Secure message exchange market opens up Healthcare providers using secure electronic messaging services will now be able to communicate more easily following the announcement of a collaborative agreement between three leading service providers. Global Health, HealthLink and DCA, which service the industry with the ReferralNet, HealthLink and Argus products respectively, have formed Secure Message eXchange (SMX) to open up secure messaging channels to each other’s customers. The three companies claim to service over 85 per cent of the current market. The arrangement will be similar to that which exists in the mobile phone industry, in which the company responsible for the outgoing communication pays a wholesale transaction charge to the organisation managing delivery to the end point. The collaboration is aimed at overcoming one of the main stumbling blocks to wider use of secure message exchange, as until now users could only send and receive messages from practitioners using the same product. The partners said the basis for the exchange is the

recently gazetted Secure Message Delivery (SMD) standard. Each vendor will focus on developing to the standard, which makes the technical integration easier. They plan to commence a controlled release within the next three months.
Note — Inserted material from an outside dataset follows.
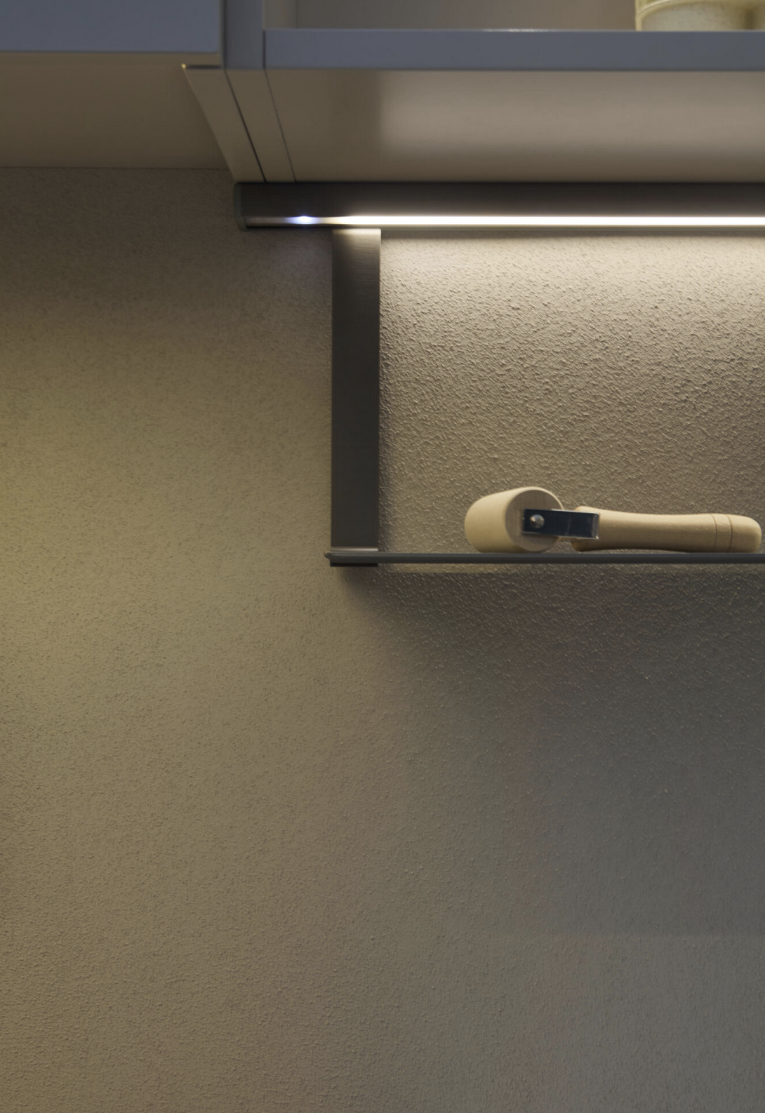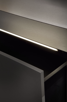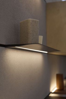Per il design è stata protagonista Hi Line, la boiserie luminosa premiata con l’iF Design Award 2025, che integra profili di luce, mensole e accessori elettrificati. In particolare è stata presentata la nuova mensola wireless per la ricarica degli smartphone e la possibilità di elettrificare mensole anche in legno, oltre che in alluminio. Una soluzione che unisce funzionalità e stile minimal, ideale per cucine e spazi living, dove l’illuminazione diventa elemento d’arredo e di comfort visivo.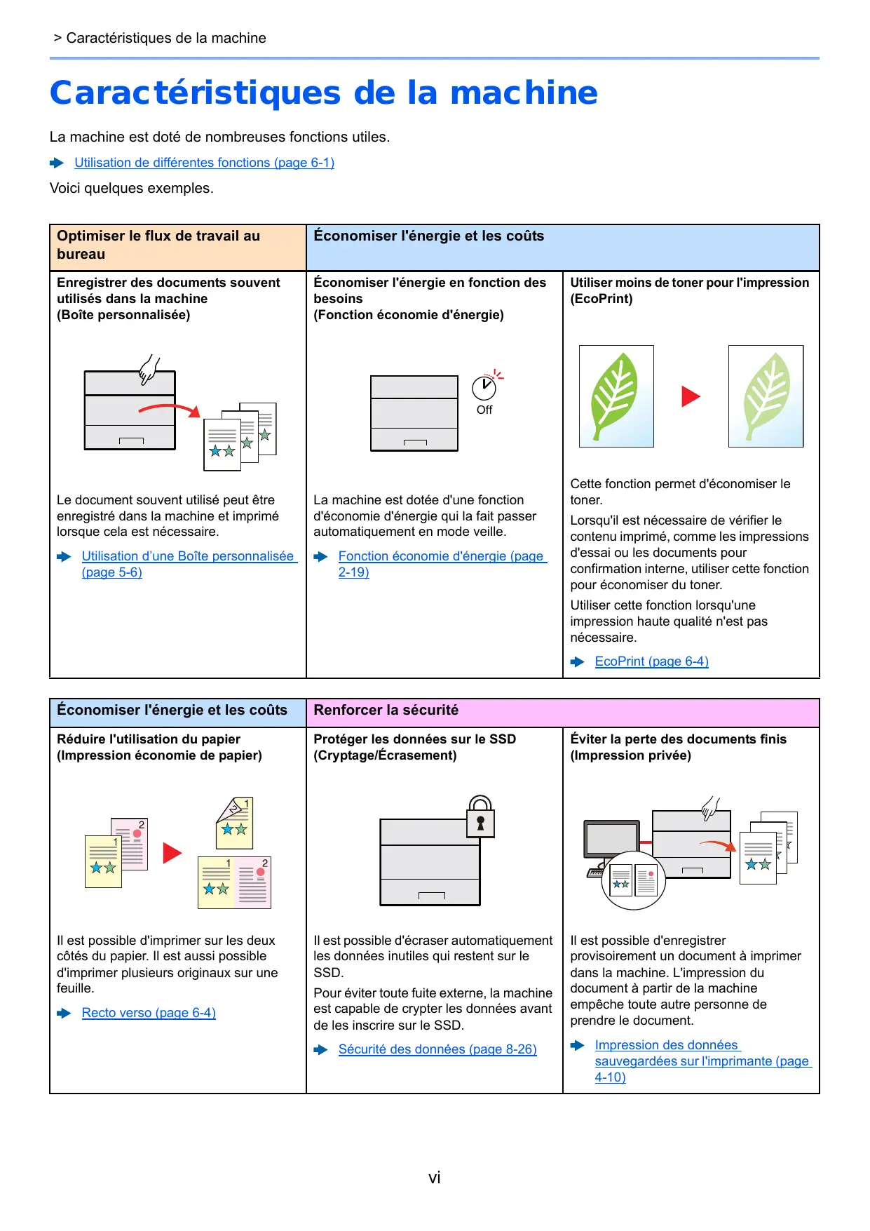 > Caractéristiques de la machine Caractéristiques de la machine La machine est doté de nombreuses fonctions utiles. Utilisation de différentes fonctions (page 6-1) Voici quelques exemples. Optimiser le flux de travail au bureau Économiser l'énergie et les coûts Enregistrer des documents souvent utilisés dans la machine (Boîte personnalisée) Économiser l'énergie en fonction des besoins (Fonction économie d'énergie) Utiliser moins de toner pour l'impression (EcoPrint) Off Le document souvent utilisé peut être enregistré dans la machine et imprimé lorsque cela est nécessaire. Utilisation d’une Boîte personnalisée (page 5-6) La machine est dotée d'une fonction d'économie d'énergie qui la fait passer automatiquement en mode veille. Fonction économie d'énergie (page 2-19) Cette fonction permet d'économiser le toner. Lorsqu'il est nécessaire de vérifier le contenu imprimé, comme les impressions d'essai ou les documents pour confirmation interne, utiliser cette fonction pour économiser du toner. Utiliser cette fonction lorsqu'une impression haute qualité n'est pas nécessaire. EcoPrint (page 6-4) Économiser l'énergie et les coûts Renforcer la sécurité Réduire l'utilisation du papier (Impression économie de papier) Protéger les données sur le SSD (Cryptage/Écrasement) Éviter la perte des documents finis (Impression privée) Il est possible d'imprimer sur les deux côtés du papier. Il est aussi possible d'imprimer plusieurs originaux sur une feuille. Il est possible d'écraser automatiquement les données inutiles qui restent sur le SSD. Il est possible d'enregistrer provisoirement un document à imprimer dans la machine. L'impression du document à partir de la machine empêche toute autre personne de prendre le document. Recto verso (page 6-4) Pour éviter toute fuite externe, la machine est capable de crypter les données avant de les inscrire sur le SSD. Sécurité des données (page 8-26)

HealthLink’s head of operations for Australia and New Zealand, Geoffrey Sayer, said a number of technical issues are being worked through before a general release, These include end to end messaging, ensuring payloads are harmonised, and defining the role of public key infrastructure (PKI) and the end point location service (ELS) so that the transition infrastructure is able to support the processes within the SMD specifications. Dr Sayer said messaging service providers would not have to do integration work with each separate clinical software vendor. “As long as one of the SMX partners is at each end of the transaction it will work, although I expect that we will all integrate with many in common,” he said. Current users of the electronic messaging services will not need to do anything different through their clinical software.

“Nothing is different,” Dr Sayer said. “That is part of the benefit.” As each service has its own user directory, allowing specialists for instance to send letters to GPs also using the service, work will be done to relate each directory to each other and through the ELS. “Each organisation will still maintain their own until a national directory is really available,” he said. Membership of the SMX will be open to other software companies that have systems based on the SMD specification, are prepared to provide service levels of support, work on delivering sustainable approaches around infrastructure and only exchange messages based on agreed standards. Andrew McIntyre, managing director of the MedicalObjects secure messaging system, said he would consider taking part in a network only when the right infrastructure was in place. “From what I gather, this is a management-level agreement, and the devil is in the technical details, which have not been worked out,” Dr McIntyre said. “We will join a network when the infrastructure like NASH and ELS and payload compliance makes this a safe reality. At the moment it’s not.”